Selain itu, sudah semestinya kita kembali kepada rujukan organisasi kita yang merupakan hasil keputusan Muktamar ataupun muyawarah-musywarah yang lain. Jadi yang perlu untuk dipikirkan adalah bagaimana mencari strategi-strategi baru yang dinamis dan efektif serta terorganisir dengan baik dalam rangka memenuhi harapan-harapan umat masa kini dan di masa yang akan datang.

Immawati idealnya harus bergerak secara organisasi dengan melibatkan semua pihak, kedepankan keterbukaan, kita pikirkan dan musyawarakan bersama bagaimana formulasi gerakan Immawati yang terbaik sesuai dengan konteks zamannya tanpa meningglakan nilai-nilai yang mendasar itu. Kita yakin bahwa dengan keterbukaan dan kebersamaan, sikap saling percaya dan saling mendukung satu sama lain akan terbangun dan menjadi sebuah keniscayaan dalam ikatan.

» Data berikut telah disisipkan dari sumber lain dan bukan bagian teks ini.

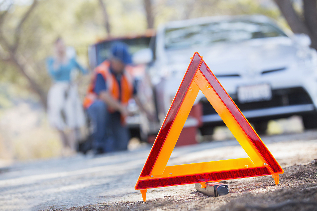 如果车辆在高速公路上发生爆胎等故障,车辆能移动的,应及时将车辆驶离靠边停车。车辆不能移动的,应在车辆后方150米的位置摆放三角警示牌,开启双闪,同时车上人员要撤离到护栏外面,然后联系道路救援,以最大限度地防止二次事故的发生。

Sebuah tawaran : Paradigma Gerakan
Tinjauan paradigmatik tentang eksistensi IMM mencakup Immawan dan Immawati, secara literal sudah terkonsepsikan dalam identitasnya yang terbagi menjadi enam poin yakni: (1) sebagai kader yang didukung kualitas; (2) memadukan akidah dan intelektualitas; (3) tertib ibadah; (4) tekun belajar; (5) iimu amaliyah dan amal ilmiyah; dan (6) untuk kepentingan masyarakat.(2007:67).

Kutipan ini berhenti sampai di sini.